==== EXTRACTED INFORMATION

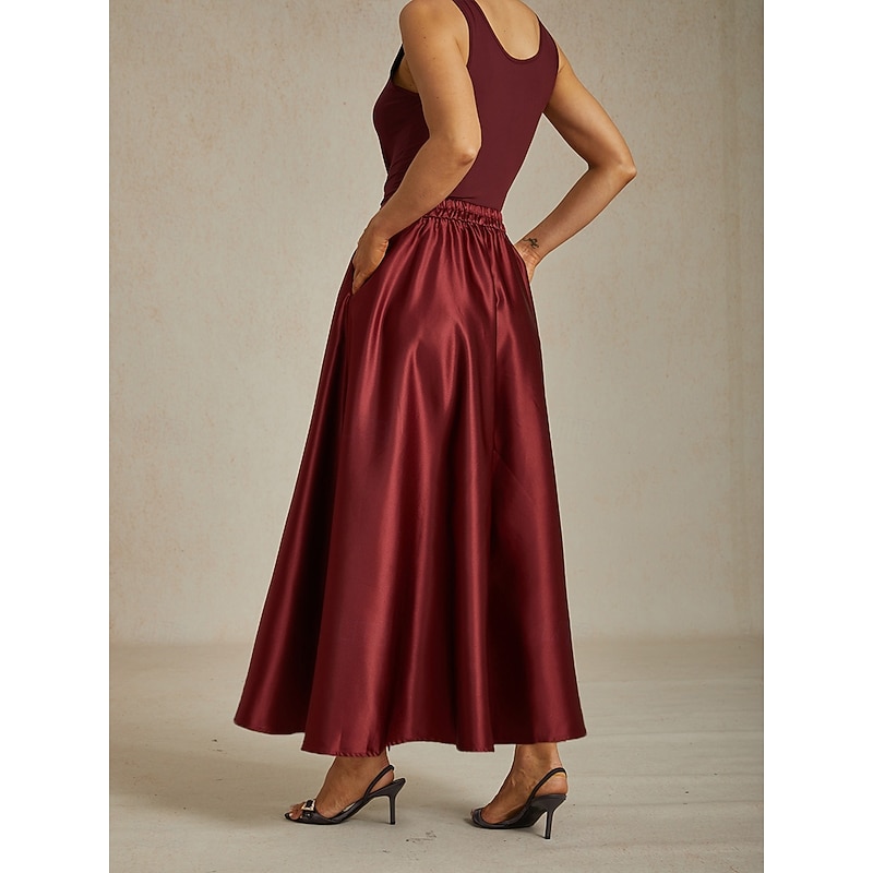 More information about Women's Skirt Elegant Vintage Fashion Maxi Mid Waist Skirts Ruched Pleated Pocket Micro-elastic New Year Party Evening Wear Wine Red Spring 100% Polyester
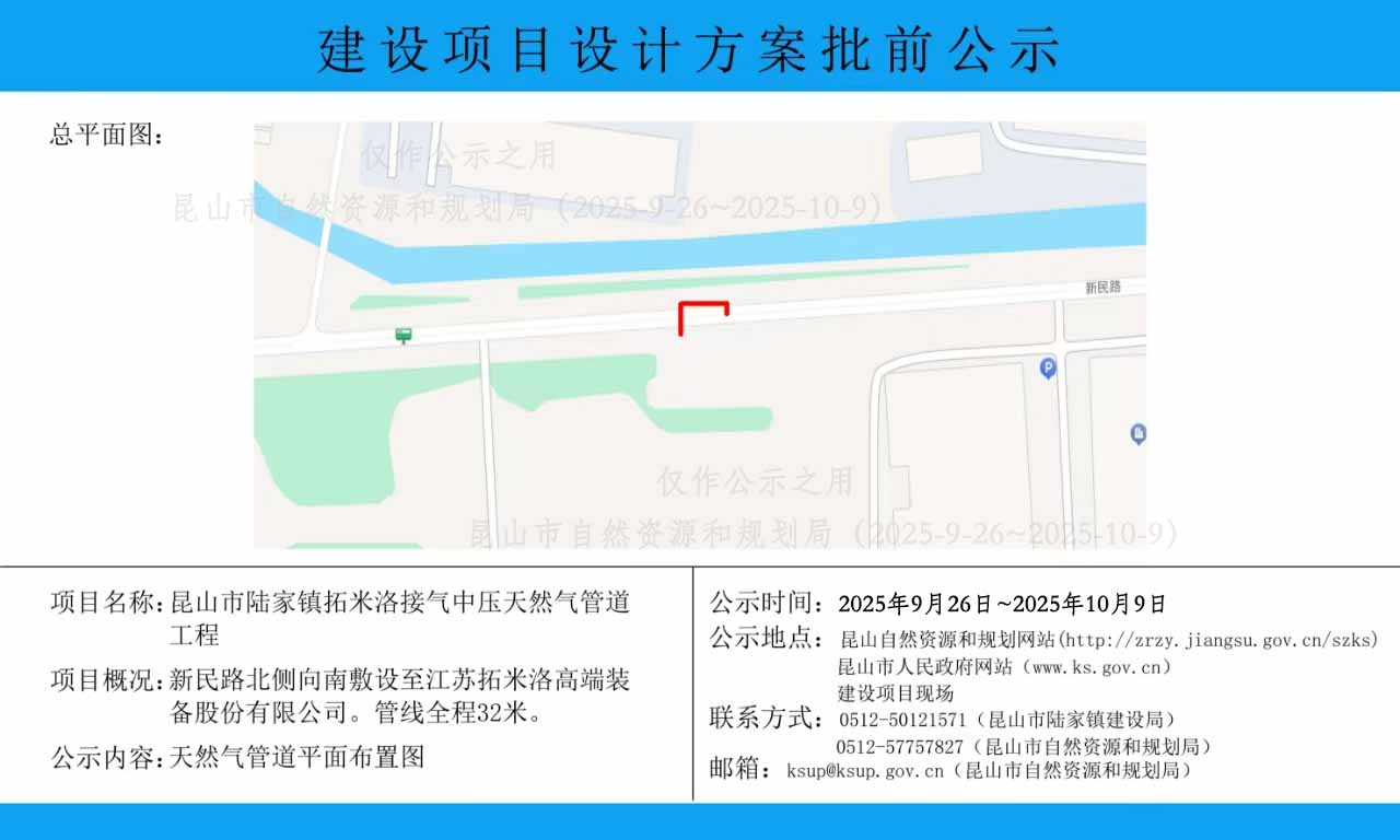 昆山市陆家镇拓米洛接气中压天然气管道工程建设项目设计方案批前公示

========
==== EXTRACTED INFORMATION

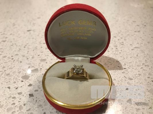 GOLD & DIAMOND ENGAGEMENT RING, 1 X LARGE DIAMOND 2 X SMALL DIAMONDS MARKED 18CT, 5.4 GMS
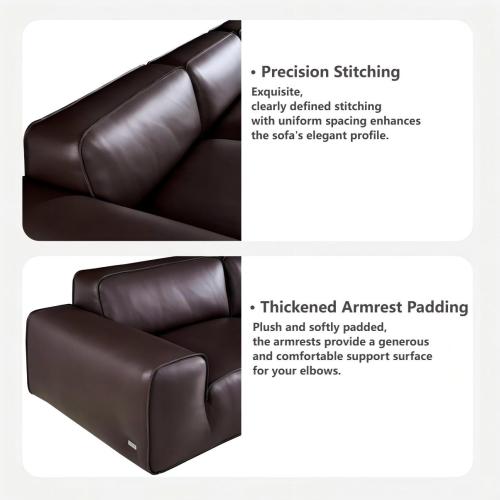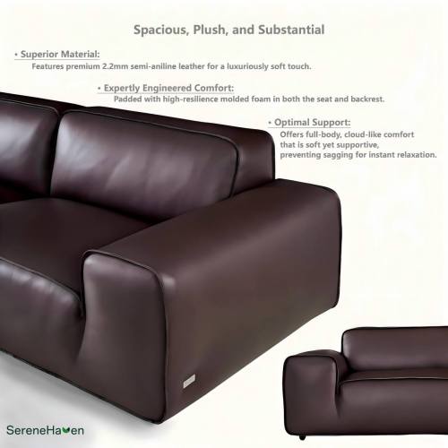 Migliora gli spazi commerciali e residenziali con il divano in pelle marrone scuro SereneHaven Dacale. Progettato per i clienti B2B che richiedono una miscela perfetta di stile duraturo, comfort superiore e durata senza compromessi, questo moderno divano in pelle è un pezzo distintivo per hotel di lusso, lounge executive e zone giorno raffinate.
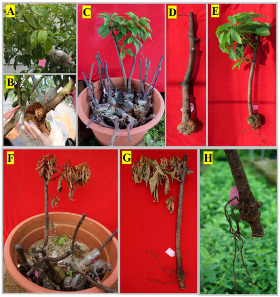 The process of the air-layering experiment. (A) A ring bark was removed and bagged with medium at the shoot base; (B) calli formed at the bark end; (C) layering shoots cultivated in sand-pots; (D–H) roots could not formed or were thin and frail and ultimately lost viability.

========
==== EXTRACTED INFORMATION

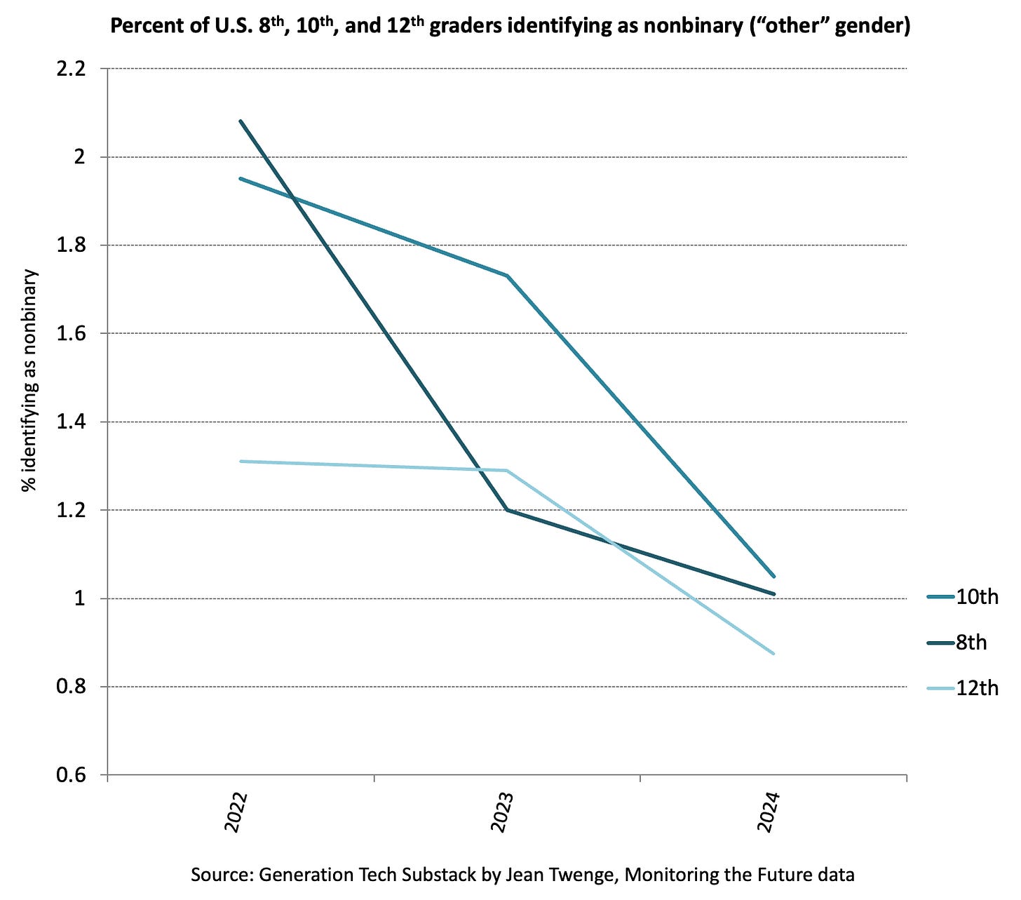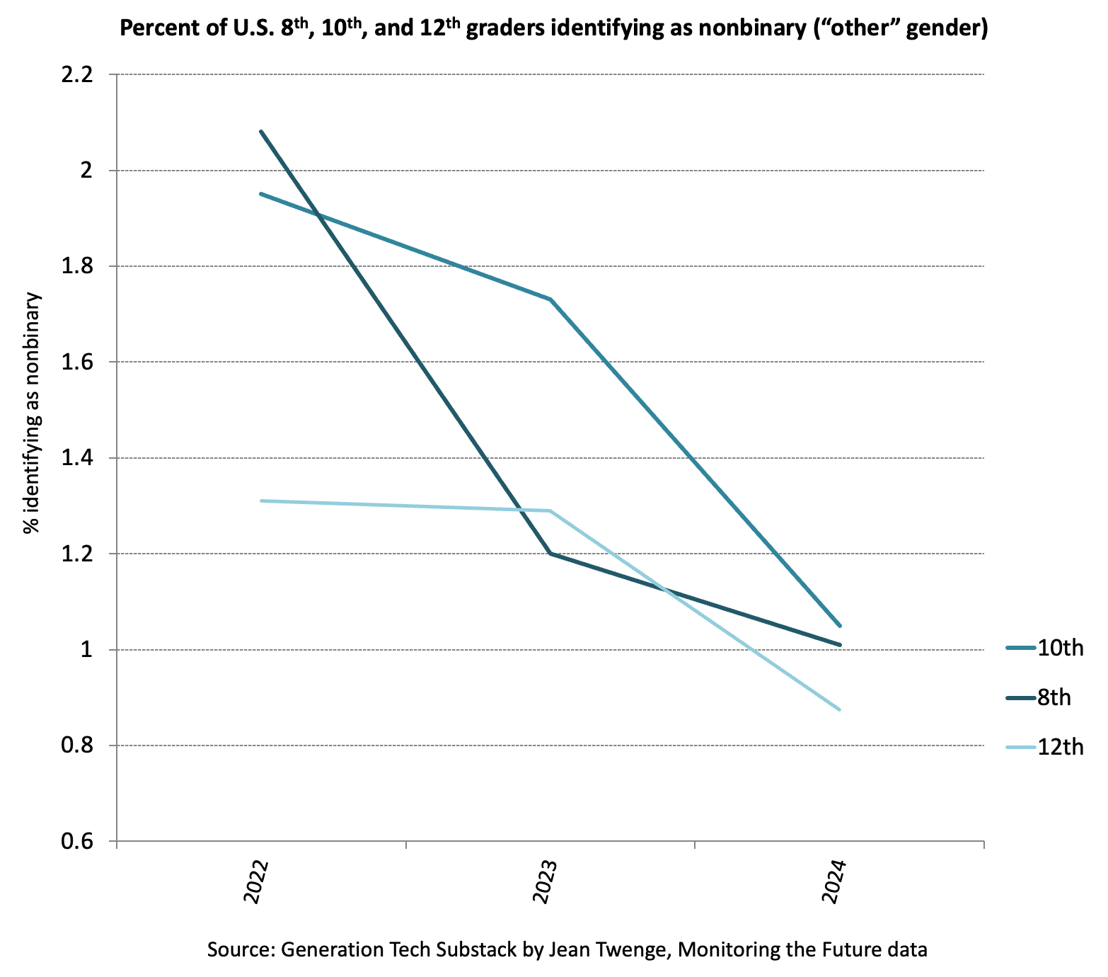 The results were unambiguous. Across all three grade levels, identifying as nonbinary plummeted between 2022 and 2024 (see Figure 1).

========

Would you output only the span of the records above that opens with the line containing "More information about" and closes with the line containing "昆山市陆家镇拓米洛接气中压天然气管道工程建设项目设计方案批前公示", ends included and pictures dropped?

> **TASK OUTPUT**
 More information about Women's Skirt Elegant Vintage Fashion Maxi Mid Waist Skirts Ruched Pleated Pocket Micro-elastic New Year Party Evening Wear Wine Red Spring 100% Polyester
 昆山市陆家镇拓米洛接气中压天然气管道工程建设项目设计方案批前公示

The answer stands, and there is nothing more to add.